1 In vitro testing was conducted in a 1-2 hour flow loop utilizing bovine blood. No correlation of in vitro results to clinical performance has been ascertained. In vivo testing of the Sustain JACC in an ovine model demonstrated statistically equivalent performance with respect to in-life catheter patency, post-mortem catheter and vessel patency, post-mortem device thrombus, and post-mortem thrombus weight in comparison to an untreated control catheter and a control catheter featuring thromboresistant technology.

Animal Testing:

Data from an in vivo study assessing the performance of the subject device in a biological environment were additionally included to support substantial equivalence. The evaluation was a randomized, controlled study in an ovine model and was conducted in conformity with the Good Laboratory Practice for Non-Clinical Laboratory Studies (GLP ) regulations of 21 CFR Part 58.

The 28-day in vivo evaluation studied the comparative performance and safety of the subject device as well as the untreated and unmodified predicate device (K080604) and the predicate BioFlo PICC with Endexo Technology (K140266). Study performance endpoints were in-life catheter patency and post-mortem vessel patency scores, device thrombus scores, and accumulated device thrombus weight. Safety endpoints studied included adverse events, gross pathology, and histopathology.

8. Clinical Performance Data.

No human clinical data was provided to support substantial equivalence.

10

Conclusion Regarding Substantial Equivalence 9.

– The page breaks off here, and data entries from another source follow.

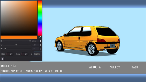 3、进入车辆选择页面后,你可以自由切换车型并修改车辆颜色,打造属于你的赛车风格。
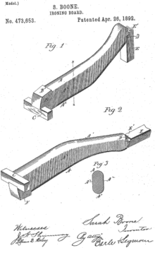 Sarah Boone (1832-1904) was an African American inventor who on April 26, 1892, obtained United States patent rights for her improvements to the ironing board. Boone's ironing board was designed to improve the quality of ironing sleeves and the bodies of women's garments. The board was very narrow, curved, and made of wood. The shape and structure allowed it to fit a sleeve and it was reversible, so one could iron both sides of the sleeve.[1]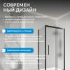 Матовое закалённое стекло толщиной 6 мм делает уголок прочным и безопасным. Черный профиль и строгие линии подходят под современные интерьеры. Поддон не входит в комплект, что позволяет выбрать подходящий вариант в соответствии с предпочтениями.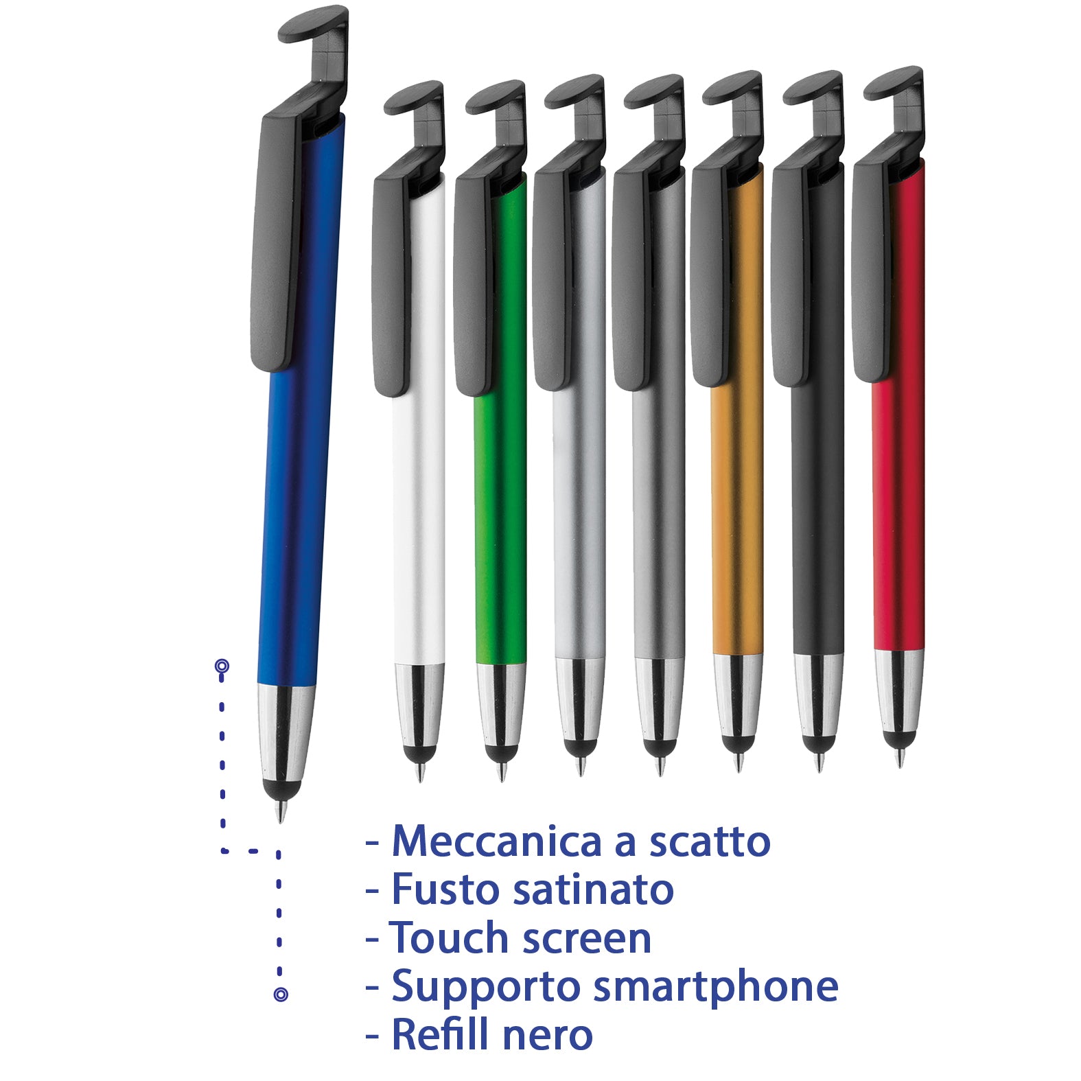 Penne personalizzate con touch screen, supporto smartphone e corpo satinato.

The information included in this premarket notification support the substantial equivalence of the subject Arrow Pressure-Injectable JACC with Sustain Technology to the stated predicate devices. The subject device has the same intended use, similar indications for use, incorporates the same fundamental technology, is composed of similar materials, and features a similar geometric design to the legally marketed predicate and reference devices to which it was compared.

In vitro performance and biocompatibility data were included to confirm the performance of the subject device against its physical design and performance requirements. Data from an in vivo evaluation confirmed the substantially equivalent performance of the subject device compared to the predicate devices in a biological environment.